How to ensure consistency of enums in Java serialization?

Question

When I serialize an object, I can use the serialVersionUID mechanism at the class level to ensure the compatibility of the two types.

However, what happens when I serialize fields of enum values? Is there a way to ensure that the enum type has not been manipulated between serialization and deserialization?

Suppose that I have an enum like OperationResult {SUCCESS, FAIL}, and a field called "result" in an object that is being serialized. How do I ensure, when the object is deserialized, that result is still correct even if someone maliciously reversed the two? (Suppose the enum is declared elsewhere as a static enum)

I am wondering out of curiosity - I use jar-level authentication to prevent manipulation.

Answer 1

Enums are read-replaced during deserialization.

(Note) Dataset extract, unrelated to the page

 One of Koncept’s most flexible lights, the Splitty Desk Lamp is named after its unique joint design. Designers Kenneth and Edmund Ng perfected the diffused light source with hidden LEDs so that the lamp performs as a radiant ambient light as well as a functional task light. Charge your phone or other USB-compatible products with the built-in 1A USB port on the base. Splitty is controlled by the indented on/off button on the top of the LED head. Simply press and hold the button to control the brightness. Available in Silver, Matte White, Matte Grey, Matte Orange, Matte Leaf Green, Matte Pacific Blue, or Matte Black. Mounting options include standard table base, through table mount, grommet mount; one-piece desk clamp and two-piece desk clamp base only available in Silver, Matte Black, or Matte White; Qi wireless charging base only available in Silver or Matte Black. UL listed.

Quoting the serialization release notes for version 1.5:

The rules for serializing an enum instance differ from those for serializing an "ordinary" serializable object: the serialized form of an enum instance consists only of its enum constant name, along with information identifying its base enum type. Deserialization behavior differs as well--the class information is used to find the appropriate enum class, and the Enum.valueOf method is called with that class and the received constant name in order to obtain the enum constant to return.

Answer 2

From: http://www.theserverside.com/news/thread.tss?thread_id=50190#265205

The designers of enum feature decided there is no use case to create new enum objects at runtime. They took great care to not allow it.

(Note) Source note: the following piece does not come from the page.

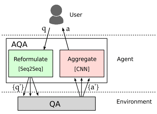 我们把这一代理称之为AQA,它是一个积极回答问题的策略。AQA旨在通过向知识库发送重塑过的问题以最大化获取正确答案的几率。

Therefore, it looks like enum objects cannot be serialised and deserialised in their entirety. Also, from http://java.sun.com/javase/6/docs/platform/serialization/spec/serial-arch.html#6469:

Enum constants are serialized differently than ordinary serializable or externalizable objects. The serialized form of an enum constant consists solely of its name; field values of the constant are not present in the form. To serialize an enum constant, ObjectOutputStream writes the value returned by the enum constant's name method. To deserialize an enum constant, ObjectInputStream reads the constant name from the stream; the deserialized constant is then obtained by calling the java.lang.Enum.valueOf method, passing the constant's enum type along with the received constant name as arguments. Like other serializable or externalizable objects, enum constants can function as the targets of back references appearing subsequently in the serialization stream.

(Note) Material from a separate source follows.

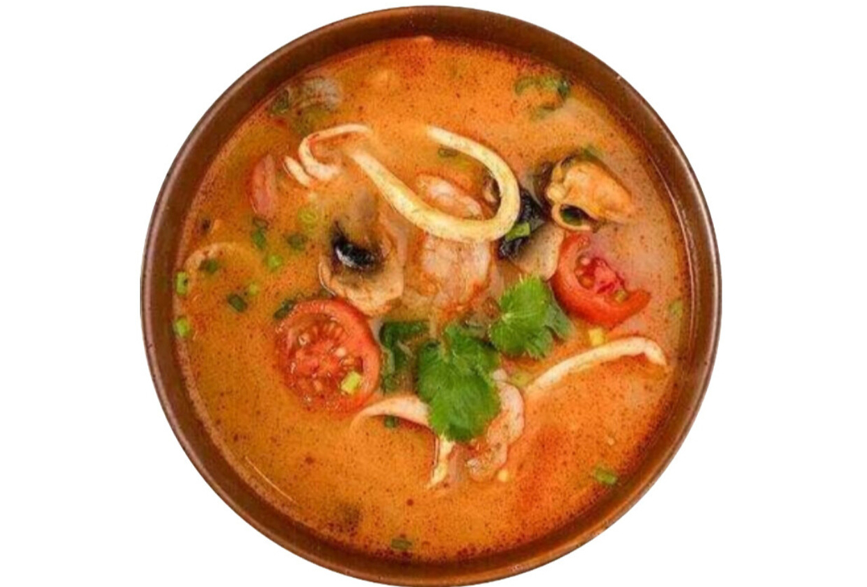 Бульон Том Ям на какосовом молоке с форелью, тилапией, креветками, кальмарами, мидиями, шампиньонами, черри. Подается с рисом, кунжутом и лимоном.

The process by which enum constants are serialized cannot be customized: any class-specific writeObject, readObject, readObjectNoData, writeReplace, and readResolve methods defined by enum types are ignored during serialization and deserialization. Similarly, any serialPersistentFields or serialVersionUID field declarations are also ignored--all enum types have a fixed serialVersionUID of 0L. Documenting serializable fields and data for enum types is unnecessary, since there is no variation in the type of data sent.